Whitespace handling

Hi,
I posted this on comp.text.xml with no response so I was wondering if
anyone could help me on this list.

I recently switched to JAXP 1.0 from xml-tr2.
I am using DTDs and asking for strict parsing something like this.

DocumentBuilderFactory dbf = DocumentBuilderFactory.newInstance();
 dbf.setValidating(true);
 DocumentBuilder db = dbf.newDocumentBuilder();
 Document doc = db.parse(uri);

My input file is human readable with whitespace like this.
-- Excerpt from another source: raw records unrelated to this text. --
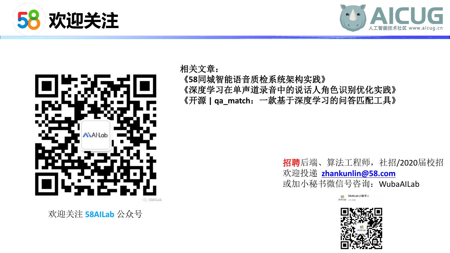 1 .【第12期】图像、NLP、语音技术在58的应用实践 欢迎关注AICUG人工智能技术社区 欢迎关注 58AILab 公众号 欢迎关注58技术公众号 (www.aicug.cn)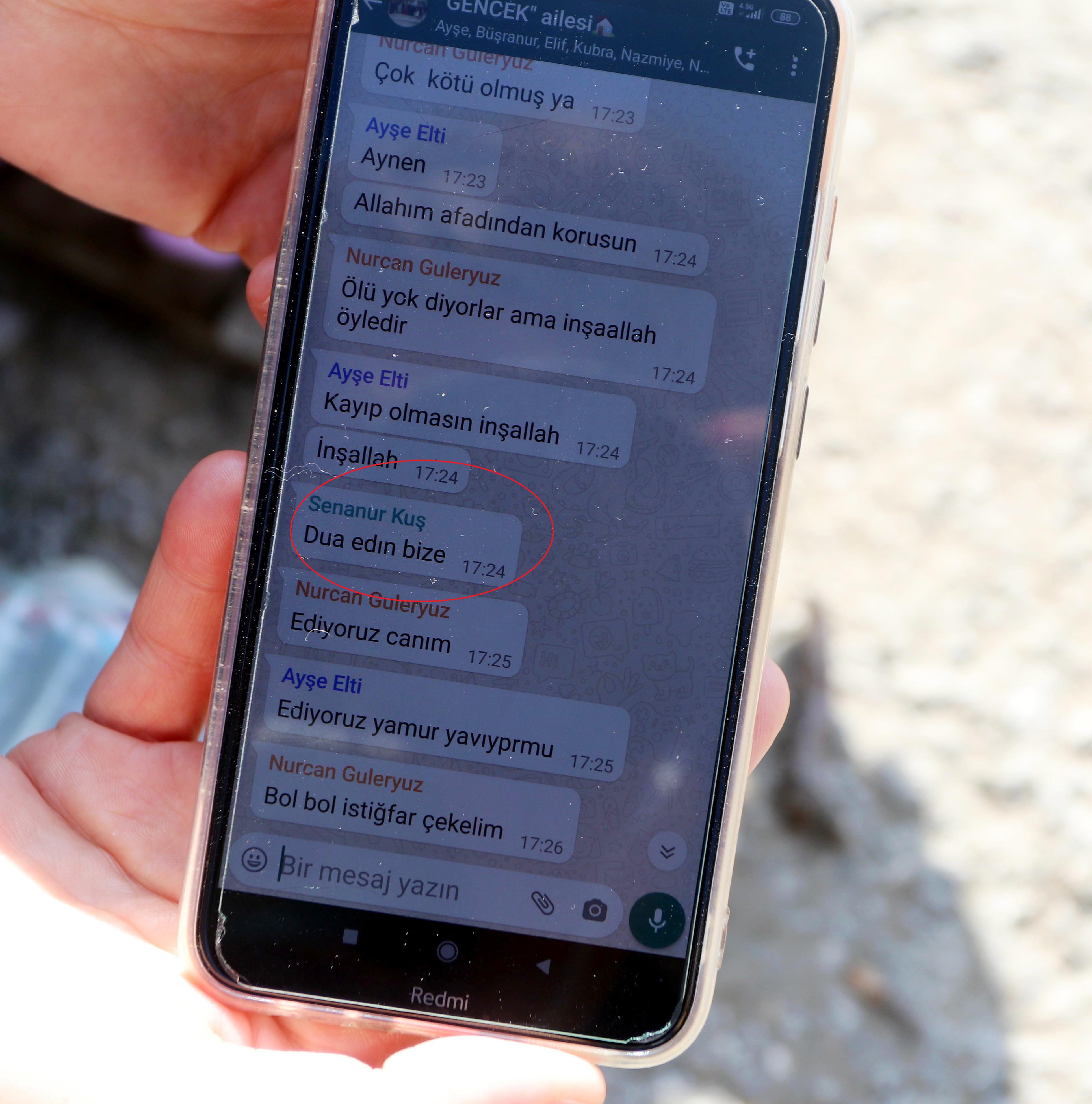 Kastamonu'da, selin vurduğu Bozkurt ilçesinde çöken Ölçer Apartmanı'ndaki Senanur Kuş'un (20), akrabalarının bulunduğu 'WhatsApp' grubuna 'Dua edin bize' mesajı gönderdiği ortaya çıktı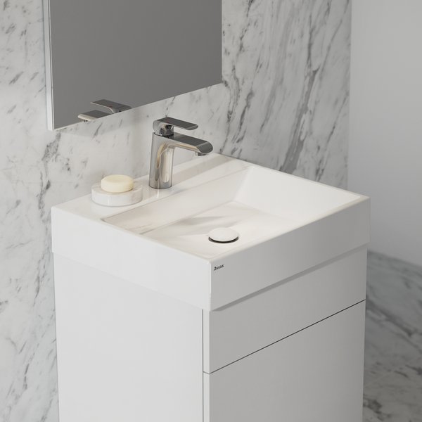 Умывальник устанавливается на стену или на тумбу. Умывальник без перелива, потому необходимо использовать фиксированный слив для умывальника.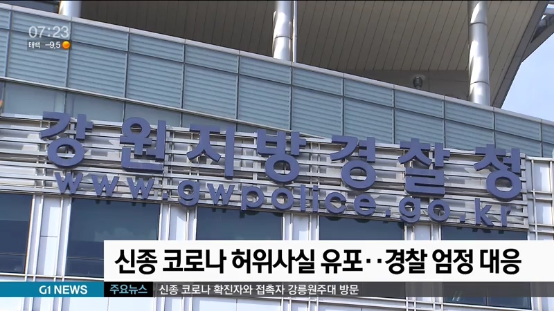 강원지방경찰청은 "신종 코로나 바이러스 의심자 2명이 속초의 한 병원에 입원해 있으니 해당 병원에 가지 말라"는 내용의 허위 사실을 유포한 50대 여성 A씨를 업무방해 혐의로 불구속 입건했다고 밝혔습니다.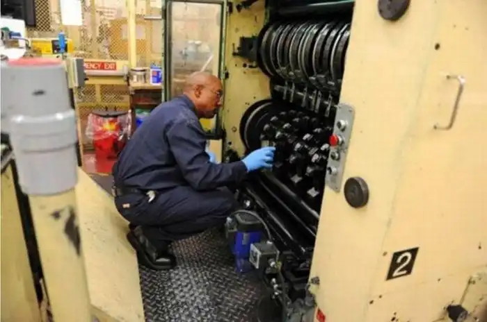 Уильям Болден налаживает машину по нанесению печатей казначейства на банкноты.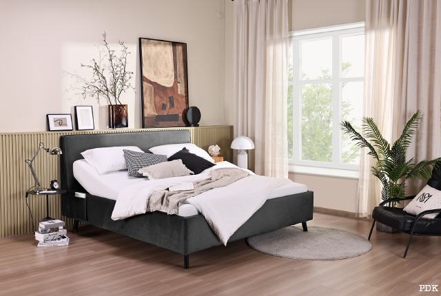 Das SENIOR+Komfort-Liftbett als Doppelbett bleibt optisch ein echtes Design-Statement. Hochwertige Stoffe, verschiedene Farben und stilvolle Kopfteilvarianten machen es zu einem zentralen Element im Schlafzimmer.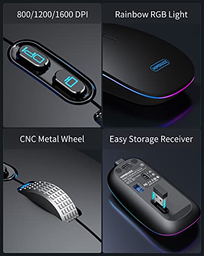 HIMDUZE Mouse Bluetooth, Mouse wireless silenzioso ricaricabile a LED Dual Mode (BT 5.1 + 2.4G USB) con pulsante Home, computer PC mouse cordless ottici retroilluminati RGB, nero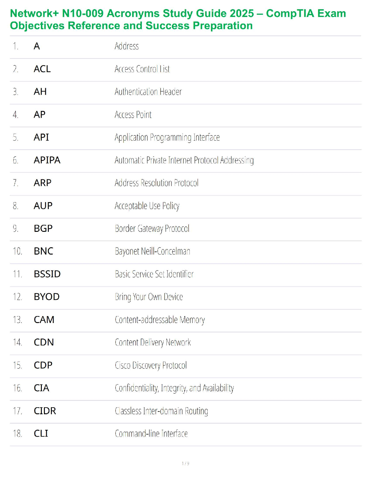 Computer Networking > STUDY GUIDE > Network+ N10-009 Acronyms Study Guide 2025 – CompTIA Exam Objectives Reference and Success Preparation (All)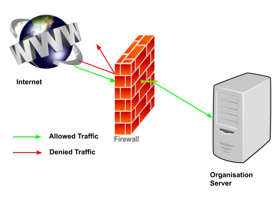 The firewall establishes a secured network and protects the internal network from the outside network or internet. In the above diagram, the firewall allows some traffic while it rejects malicious traffic.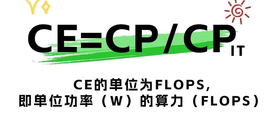 算效(CE,ComputationalEmciency)是指數(shù)據(jù)中心算力與功率的比值,即“數(shù)據(jù)中心每瓦功率所產(chǎn)生的算力”,是同時考慮數(shù)據(jù)中心計算性能與功率的種效率。數(shù)值越大,代表單位功率的算力越強,效能越高。若CP為以單精度浮點數(shù)(FP32)的數(shù)據(jù)中心的算力,PC為數(shù)據(jù)中心IT設備的整體功率,其單位為瓦(W),則算效CE的計算公式為: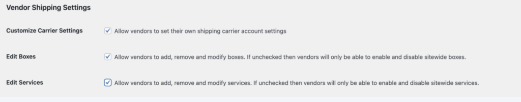 Enable all three features in this section to allow vendors to set up their preferred carriers, shipping services, and shipping boxes, ensuring their shipping settings align with their specific needs.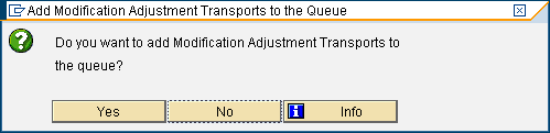 - If the Add Modification Adjustment Transports to the Queue window appears, this component has an independent and unique namespace that is assigned by SAP. Click No.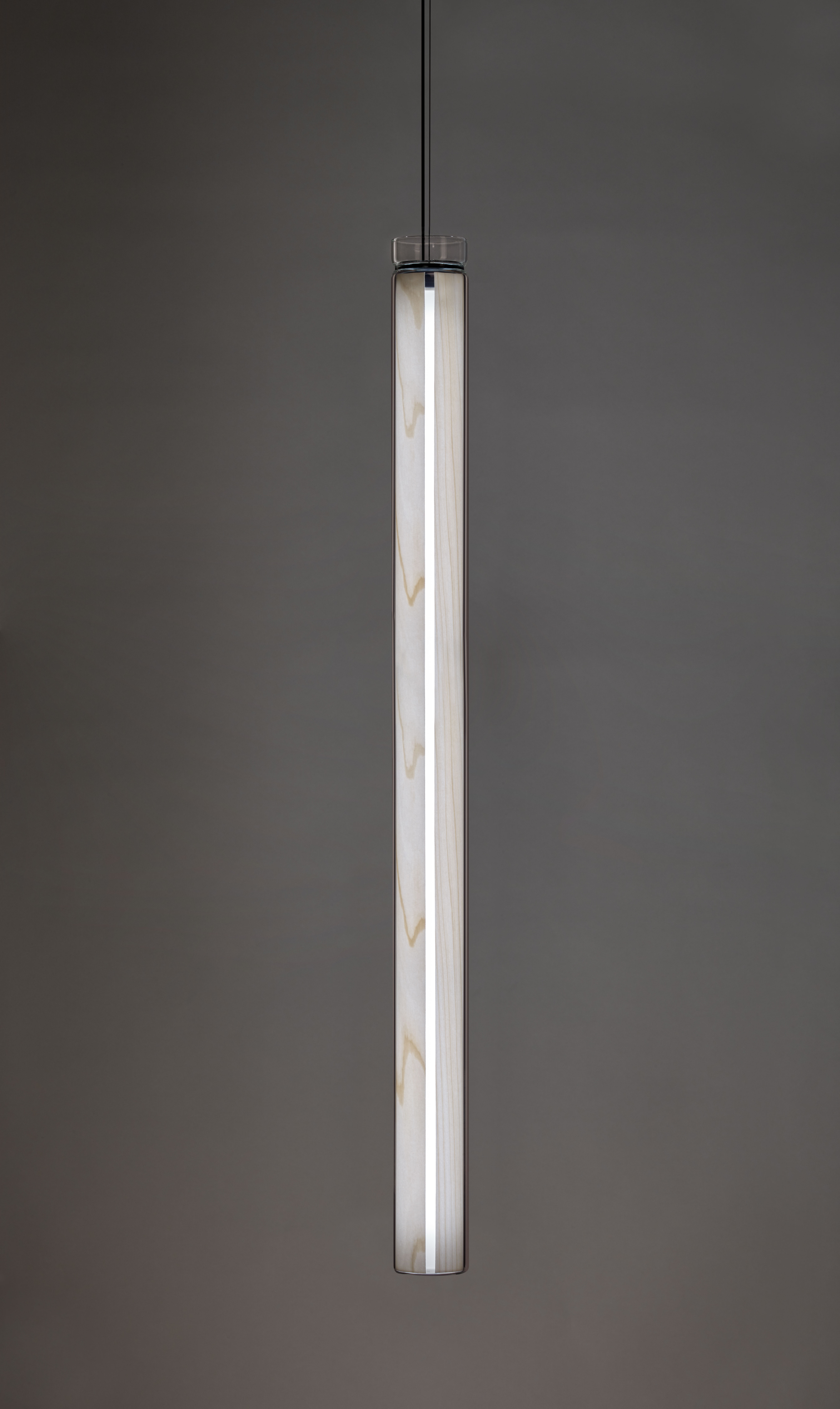 Estela-это пленительная капсула света. В Estela студия May ice разработала чистый, прозрачный, цельный кусок боросиликатного стекла. Вручную выдуваемое опытным мастером Эдуардо Гарути стекло окружает цилиндрический диффузор из шпона дерева. Деревянный шпон содержит диммируемый светодиодный источник света, а прямое отверстие с одной стороны излучает нисходящий свет, который смягчается стеклом. Предлагая бесшовное соединение между стеклом и деревом, Estela-это сияющая лампа с небесным качеством. Подобно Дюне, естественные недостатки Estela, характерные для выдувного стекла ручной работы, добавляют ему тепла и элегантности. Каждая лампа подписана мастером Эдуардо Гарути.

<?xml version="1.0" encoding="ISO-8859-1"?>
<!DOCTYPE doc SYSTEM 'doc.dtd'>
<doc>
  <element1>first</element1>
  <element2>second</element2>
</doc>


My dtd is like this.

<?xml version="1.0" encoding="ISO-8859-1"?>
<!ELEMENT doc (element1, element2)>
<!ELEMENT element1 (#PCDATA)>
<!ELEMENT element2 (#PCDATA)>

I'm getting empty TEXT nodes between the elements. Although I haven't
checked , I would guess they are line feeds. I read the XML spec and it
says that the parser should pass line feeds to the application which I
believe in this case should be the DOM. In the DOM, I would hope that no
TEXT nodes would be created in between ELEMENTS unless I specified a
mixed content model with PCDATA. Is there something I don't understand
about the encoding or something that would cause this?

What do I need to do to avoid this?

Thanks,
Eric :-)

Received on Wednesday, 31 May 2000 10:55:02 UTC